Exercise goal =
In the records below, find the line containing "Hodgdon Universal Clays", then copy that line and all lines after it, exactly, omitting every picture.

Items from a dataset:
· · ·

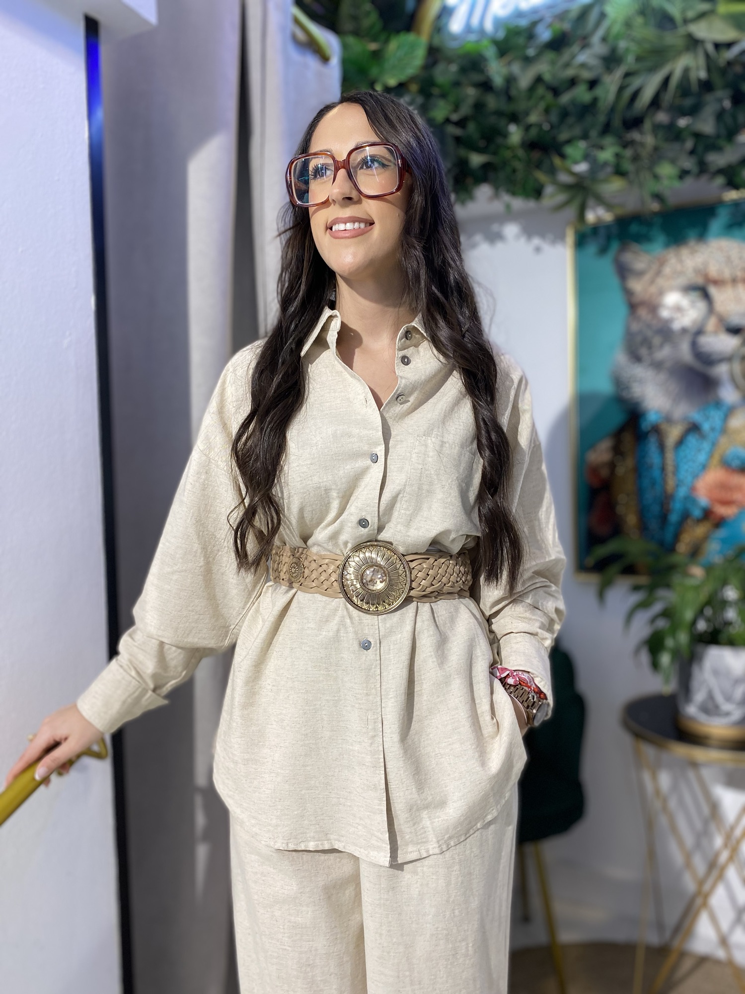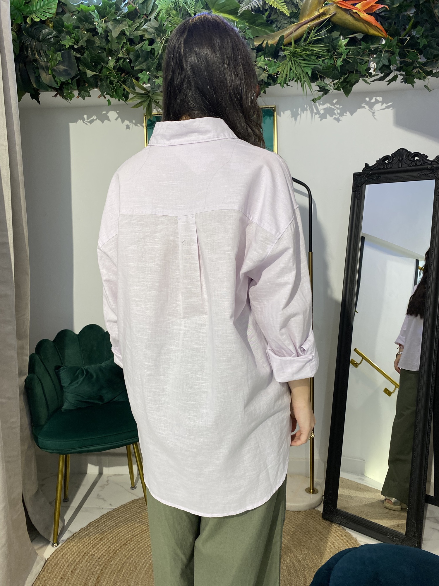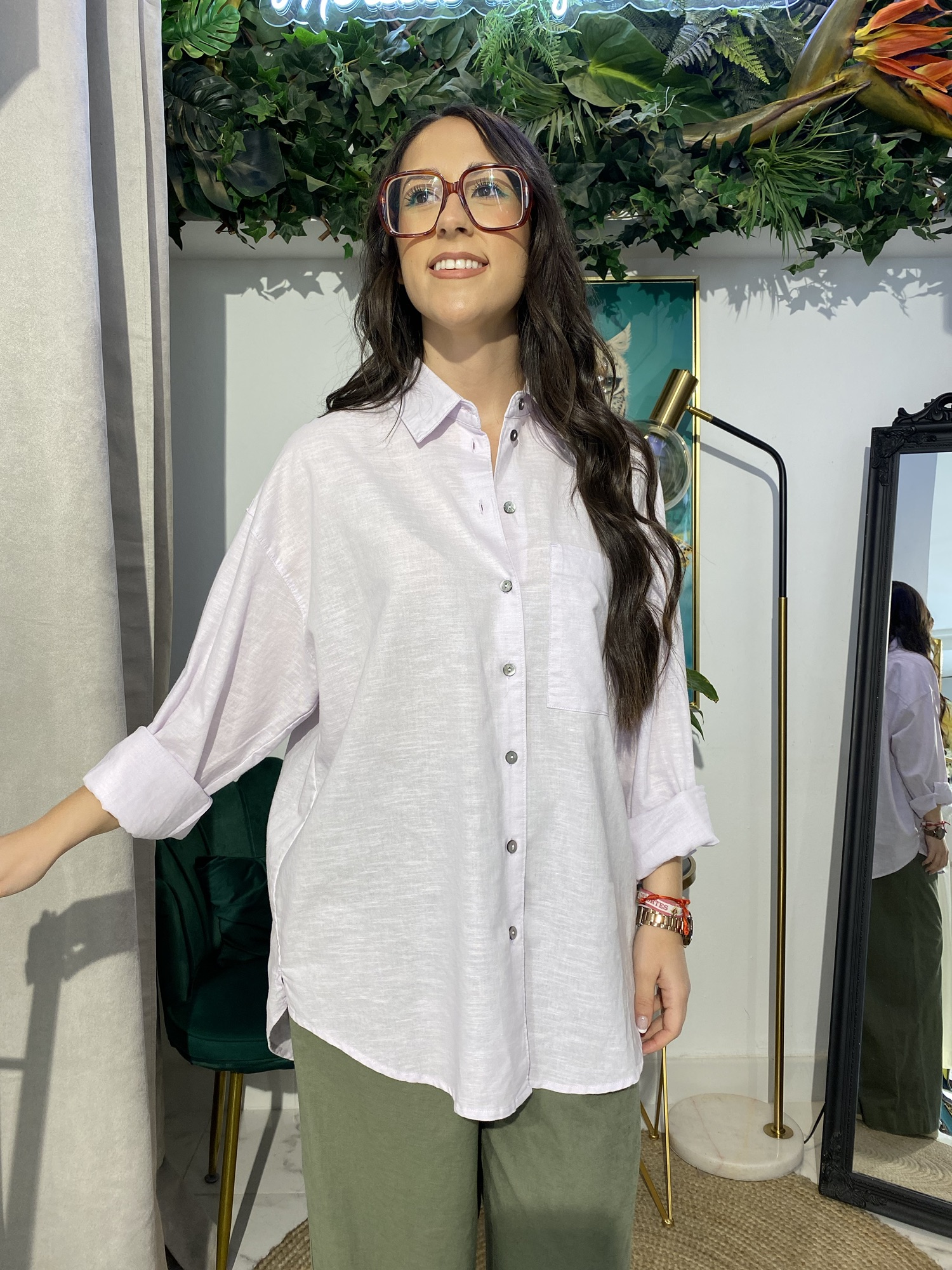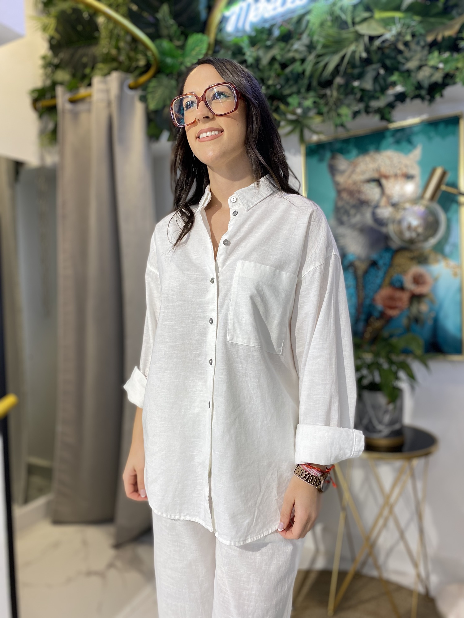 Camisa de lino básica, un imprescindible para el verano. Su tejido ligero y fresco te brinda comodidad, mientras que el bolsillo le da un toque casual y funcional.
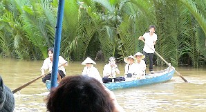 早朝、船はゆっくりと海からメコン川の河口に入っていった。むっとするような湿気を含んだ風
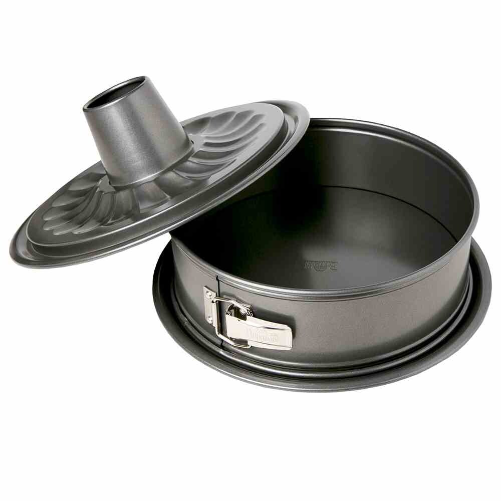 Inspiration Springform 28 cm rund, Backform mit 2 Böden, Flach- und Rohrboden, antihaftbeschichtet, auslaufsicher, einfach zu verschließen
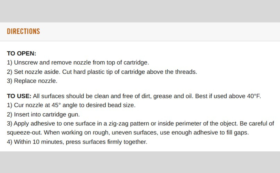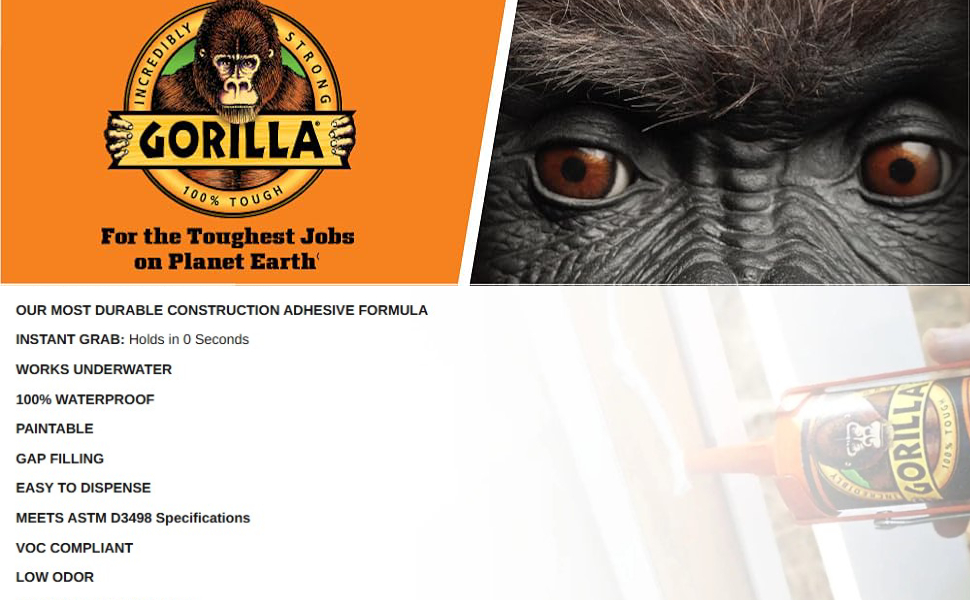 | STORAGE TIPS | Gorilla Heavy Duty Construction Adhesive Ultimate is best if stored in a cool, dry location with the nozzle attached filled with adhesive |
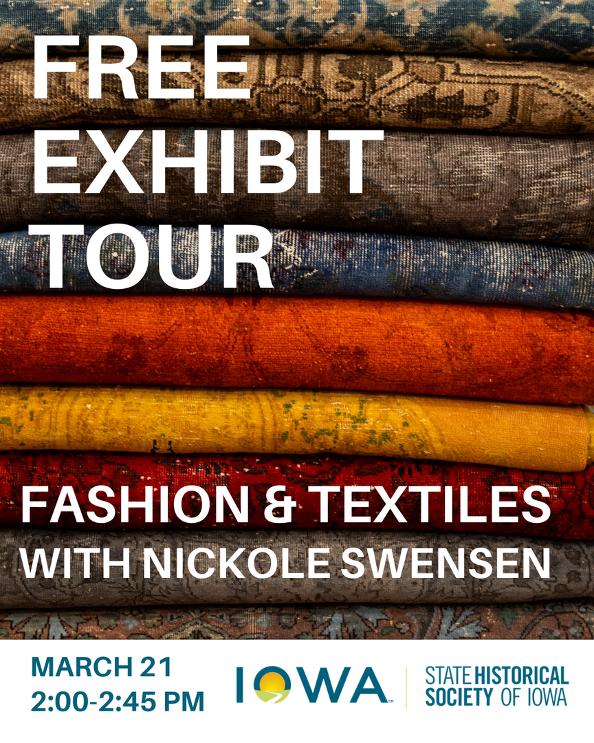 Fashion and textiles play a significant role in Iowa's history. Join us at the State Historical Museum to explore clothing and meaningful cloth throughout the museum's collection. In this special guided exhibit tour, participants will learn the fascinating and interesting history of some of the clothing and textiles on display.
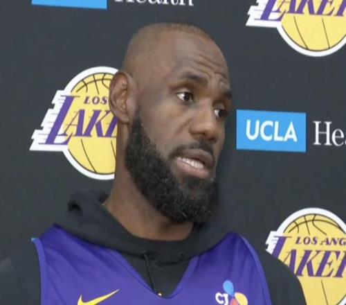 北京時間4月17日,在NBA季后賽首輪對陣火箭隊賽前,湖人隊球員詹姆斯接受了媒體的采訪。
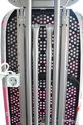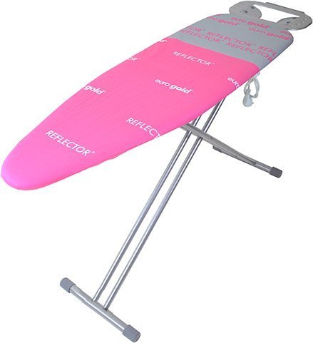 Гладильная доска Eurogold. Она имеет стандартный размер столешницы 120 х 38 см, которая сделана из перфорированного пластика. Термопластик, которым оснащена гладильная доска очень устойчив к высоким температурам. Благодаря пластику доска стала намного легче и устойчивее. На основания ножек одеты колпачки, предохраняющие доску от скольжения.
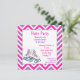 A cute multi-coloured birthday invitation perfect for any roller skating party. It features a pink and purple chevron pattern on the border. A little pair of cartoon skates is in the bottom left corner. The text is customisable in pink and purple.
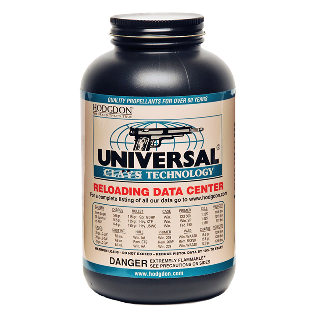Hodgdon Universal Clays Powder performs well in all calibers, from the 25 ACP to the 44 magnum, and from 28 gauge to 12 gauge. Clean burning and consistency are characteristics shared by all Hodgdon gunpowders.
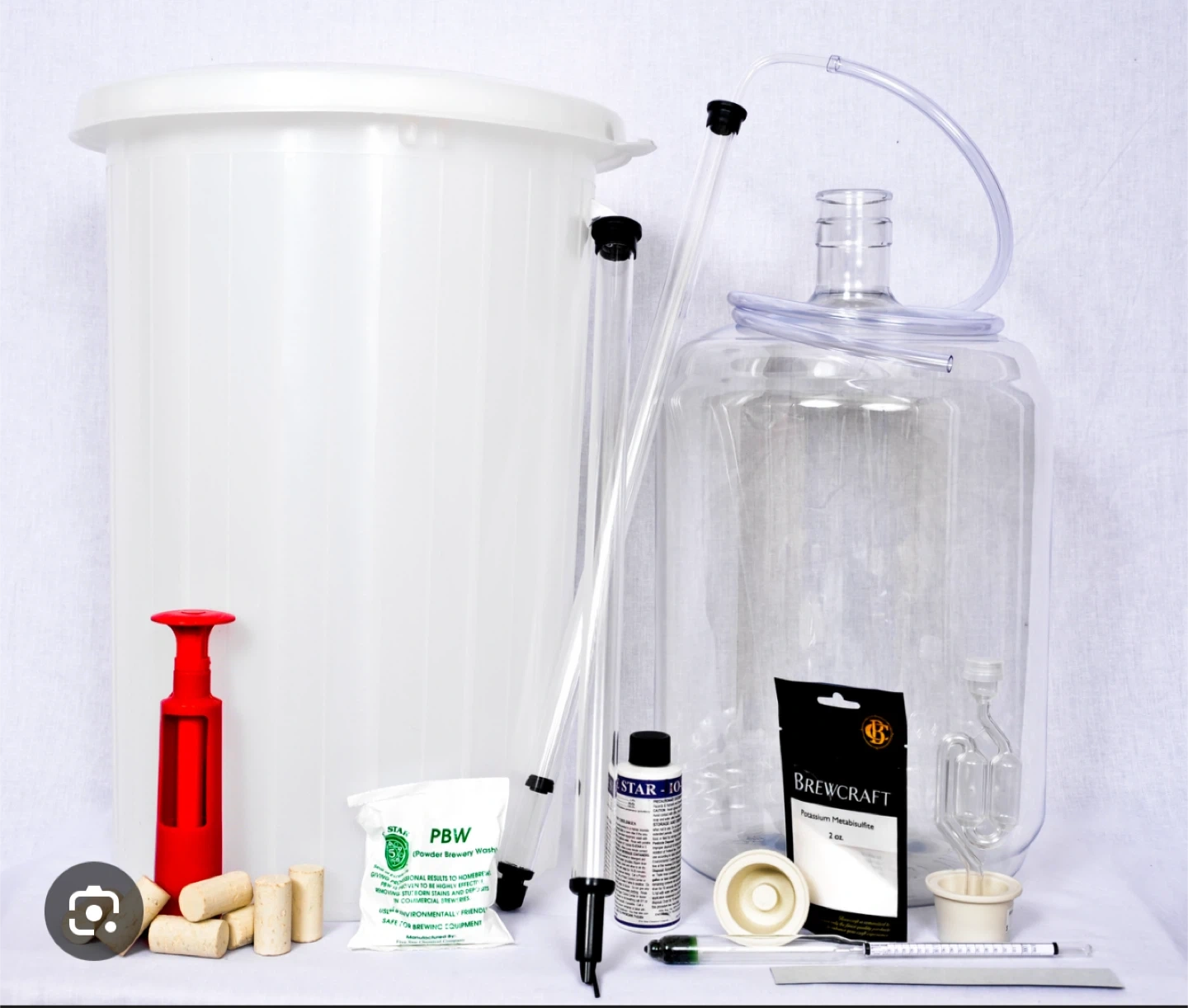 The picture is a generic picture ..I am Selling a large home brewing set up . Including 3 glass carboys ,2 plastic secondaries, stand up corker, drying rack, a Box full of labels corks gradualted cylinders,bottle washer brush,hydrometers.syphoning tubes and bottle filler everything you need and more just no kit or bottles . $250.00 for everything
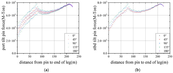(1) By observing Figure 9, it is found that the trajectory images of forces on both sides of the rocker arm have strong symmetry under the ambient directions of 0° and 180°. Additionally, the maximum and minimum forces are almost the same. On the one hand, it is because of the symmetry of the jacket structure, and, on the other hand, it is because of the symmetry of the environmental direction. Under the influence of the environmental direction of 45°, 90°, and 135°, the pressure on the left and right rocker arms is not exactly the same, and the pressure on the left side will mutate. It is mainly caused by the lateral pressure generated under the influence of wind and wave currents, and it can be found from the horizontal movement trajectory of the center of gravity of the jacket before that under the action of the inclined wind and wave currents; there is a large lateral movement, especially in the case of the maximum roll in the direction of 90°, the maximum abrupt pressure on the left side is also the largest, and it is easy to roll over everywhere jacket and barge. Therefore, avoid launching operations in this environmental direction.
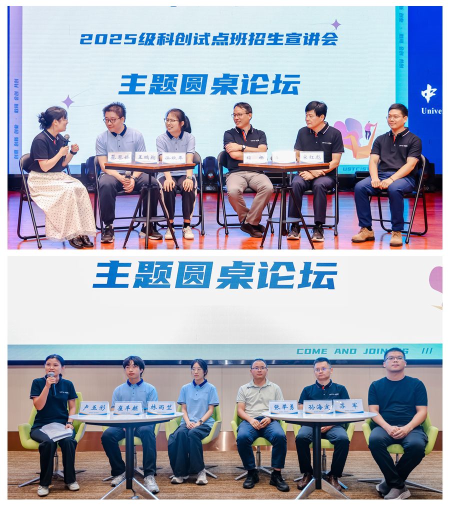在主题圆桌论坛环节,环境科学与工程系执行主任穆杨、先进技术研究院副院长张举勇、工程科学学院精密机械与精密仪器系党总支书记李家文,微电子学院教授孙海定及安徽五十六钡教育科技有限公司董事长宋红彪、合肥爱意资本总经理苏军等我校创新创业导师代表,数学科学学院2024级硕士研究生王鹏翔、国家同步辐射实验室2024级硕士研究生徐秋年、先进技术研究院2024级硕士研究生崔丰麒、林雨竺等科创试点班学员代表,共同参与交流和研讨。
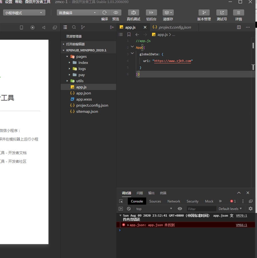 1,微信小程序點(diǎn)擊預(yù)覽出現(xiàn)圖一。

· · ·

Your solution =
Hodgdon Universal Clays Powder performs well in all calibers, from the 25 ACP to the 44 magnum, and from 28 gauge to 12 gauge. Clean burning and consistency are characteristics shared by all Hodgdon gunpowders.
 The picture is a generic picture ..I am Selling a large home brewing set up . Including 3 glass carboys ,2 plastic secondaries, stand up corker, drying rack, a Box full of labels corks gradualted cylinders,bottle washer brush,hydrometers.syphoning tubes and bottle filler everything you need and more just no kit or bottles . $250.00 for everything
(1) By observing Figure 9, it is found that the trajectory images of forces on both sides of the rocker arm have strong symmetry under the ambient directions of 0° and 180°. Additionally, the maximum and minimum forces are almost the same. On the one hand, it is because of the symmetry of the jacket structure, and, on the other hand, it is because of the symmetry of the environmental direction. Under the influence of the environmental direction of 45°, 90°, and 135°, the pressure on the left and right rocker arms is not exactly the same, and the pressure on the left side will mutate. It is mainly caused by the lateral pressure generated under the influence of wind and wave currents, and it can be found from the horizontal movement trajectory of the center of gravity of the jacket before that under the action of the inclined wind and wave currents; there is a large lateral movement, especially in the case of the maximum roll in the direction of 90°, the maximum abrupt pressure on the left side is also the largest, and it is easy to roll over everywhere jacket and barge. Therefore, avoid launching operations in this environmental direction.
在主题圆桌论坛环节,环境科学与工程系执行主任穆杨、先进技术研究院副院长张举勇、工程科学学院精密机械与精密仪器系党总支书记李家文,微电子学院教授孙海定及安徽五十六钡教育科技有限公司董事长宋红彪、合肥爱意资本总经理苏军等我校创新创业导师代表,数学科学学院2024级硕士研究生王鹏翔、国家同步辐射实验室2024级硕士研究生徐秋年、先进技术研究院2024级硕士研究生崔丰麒、林雨竺等科创试点班学员代表,共同参与交流和研讨。
 1,微信小程序點(diǎn)擊預(yù)覽出現(xiàn)圖一。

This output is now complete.